Here is a copy of the Arts Matrix for Plainfield, as of December 20th.
One of my favorite things I have brought to CCC in my ten years is our giant Christmas Eve services. It has become one of the great CCC traditions. We use a 40 piece orchestra and do several Trans-Siberian Orchestra songs along with the Christmas Eve traditions, such as candle lightings. We finished our final rehearsals yesterday. This last week before Christmas is always insane (although it must not be too bad, because I am blogging), but it is all worth it on December 23rd and 24th.
As always, my digital camera doesn't capture great audio.
This is one of my favorite worship experiences we have done for a while. Our new series is called "Indescribable" and is based upon five of the names of Jesus found within the prophecies in the book of Isaiah and the fulfilled in the story of Jesus' birth. The weekend messages center around those five, but we created an experience in the entryways of all 8 campuses that feature all 121 prophecies of Jesus from Isaiah. Every campus has some form of that experience on weekends, but because several are in rented facilities, they are limited on what they can do. Below are some examples of that experience at the Yellow Box in Naperville. We actually are going to leave all of this up for the entire series, through the end of December. We set up the ground level to become the book of Isaiah, where you can follow a time-line through the chapters and experience a series of 10 prayer stations that connect the worshiper with the different themes of the prophecies. We are encouraging attenders to come back during the week by themselves, with a friend or with their small group and travel through the experience to create a new kind of connection with God's plan and purpose for Christmas.
HUGE kudos to my administrative volunteer, Cyndi Dole, who spent the last three weeks of her life making this happen at all sites!
Here a few of the tie-in slides we used in the service during Communion. Each slide featured one of the prophecies and then would fade into a slide that had the New Testament fulfillment of that prophecy. They took a picture of one of our blank scrolls and then super-imposed the scripture over the picture, using the same font we did it.

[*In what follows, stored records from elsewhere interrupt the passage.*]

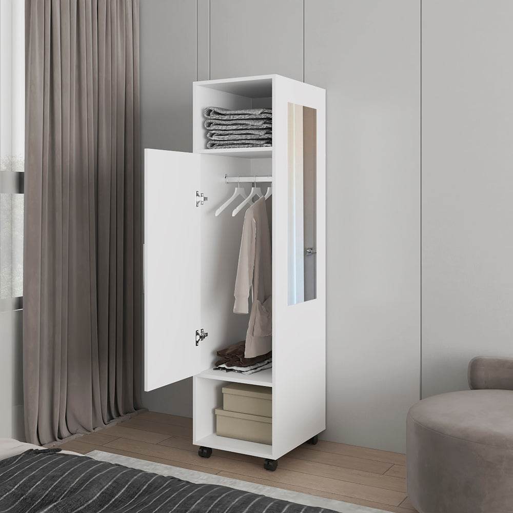 White engineered wood wardrobe features spacious shelves, a cabinet with a clothing rod, and an integrated mirror for convenient storage and organization. Its space-saving design suits bedrooms needing stylish, durable storage for clothes, shoes, and accessories.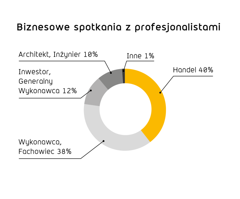 Najsilniej reprezentowaną grupą podczas edycji 2024 byli przedstawiciele sieci handlowych, którzy stanowili aż 40% ogólnej liczby osób uczestniczących w wydarzeniu. 38% łącznej liczby profesjonalistów obecnych na targach stanowiła grupa wykonawców i fachowców. Pozostałe 22% odwiedzających Targi BUDMA 2024 to inwestorzy oraz architekci.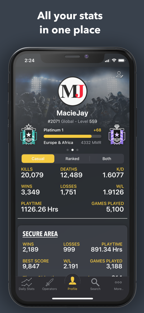 Track and compare Rainbow Six Siege stats.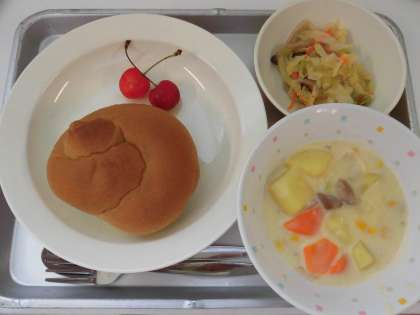 献立 あしたばパン、米粉のコーンシチュー、キャベツときのこのソテー、果物(さくらんぼ)、牛乳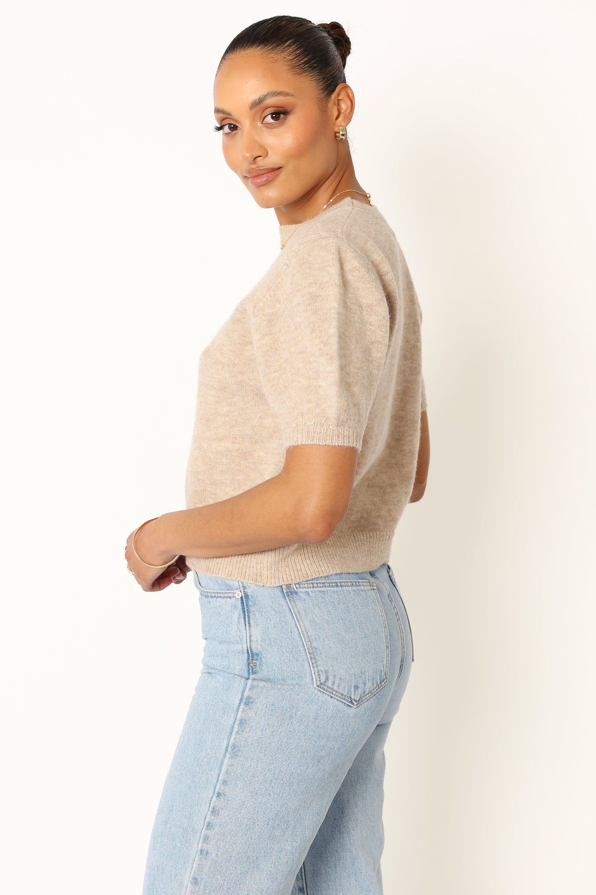 DETAILS This season, take your wardrobe to the next level with this cozy knit sweater. Crafted from quality fabrics for softness and comfort, it features a cropped length, round neckline, short puff sleeves with ribbed cuffs, and ribbed hemline. With its feminine feel and effortless style, you'll be sure to turn heads when wearing this piece!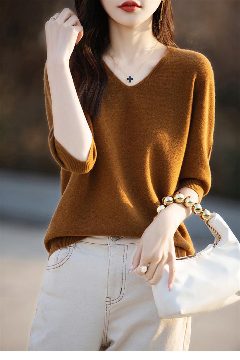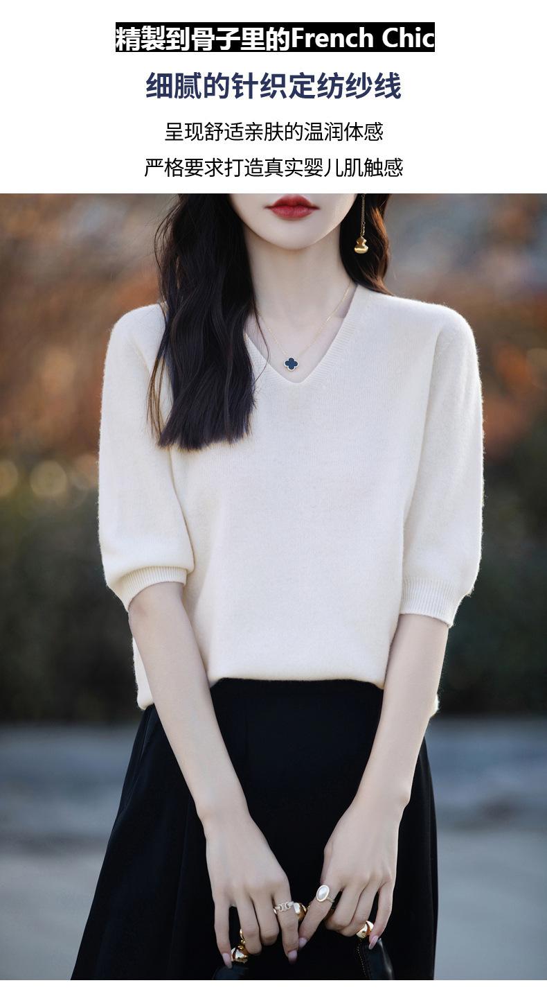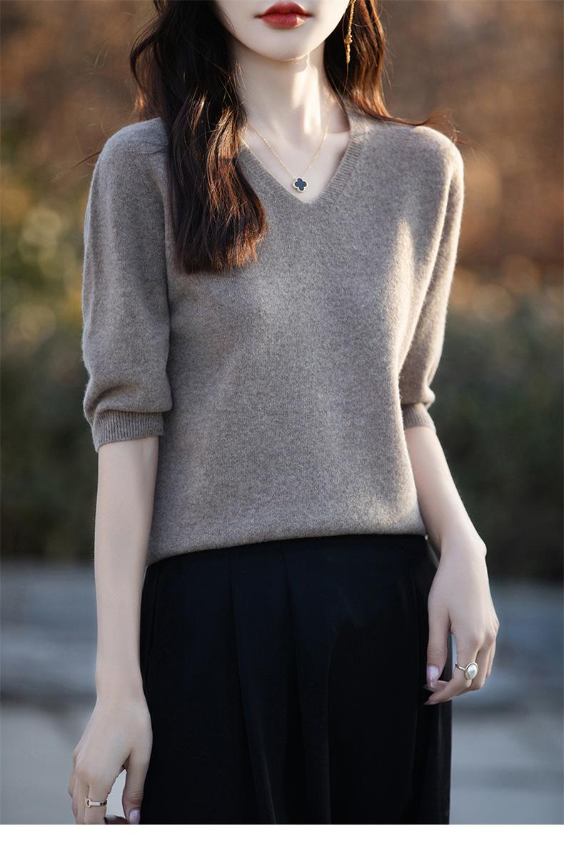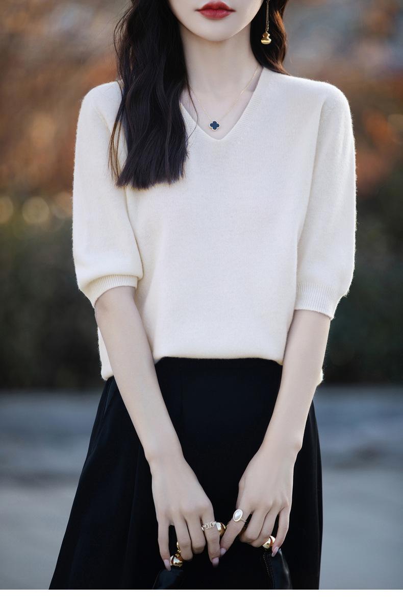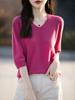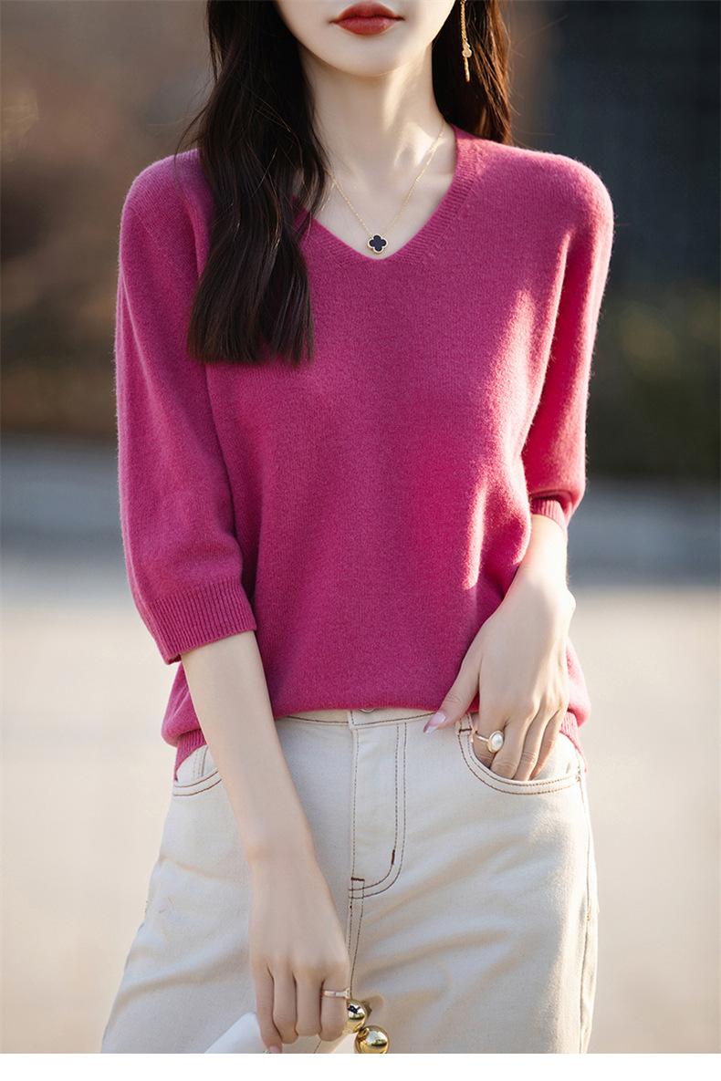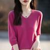 Compra Suéter de cuello en V manga corta para mujer color sólido manga media holgado jersey tejido camiseta base 25 primavera nueva línea ropa camiseta al por mayor en Joom.pro

Great job TJ Friesen!
Here are two clips from the Yellow Box yesterday. (they are from my digital camera, so ignore the quality.)
My lighting leader at the Yellow Box, Brian Theis, hung 4000 white lights behind our scrim for Christmas. It looks awesome! He also did some other stage lighting that looks great. We have never put much energy into stage design at CCC because every campus is so different and because we create most of our environments through video. I am really glad that Yellow Box is getting to the place where we have the talented volunteers who are making it happen!
I will post some DV footage next weekend that will be clearer.
Here are some videos from a few of the people I follow on YouTube. Some are CCC staff. Some are NewThing churches.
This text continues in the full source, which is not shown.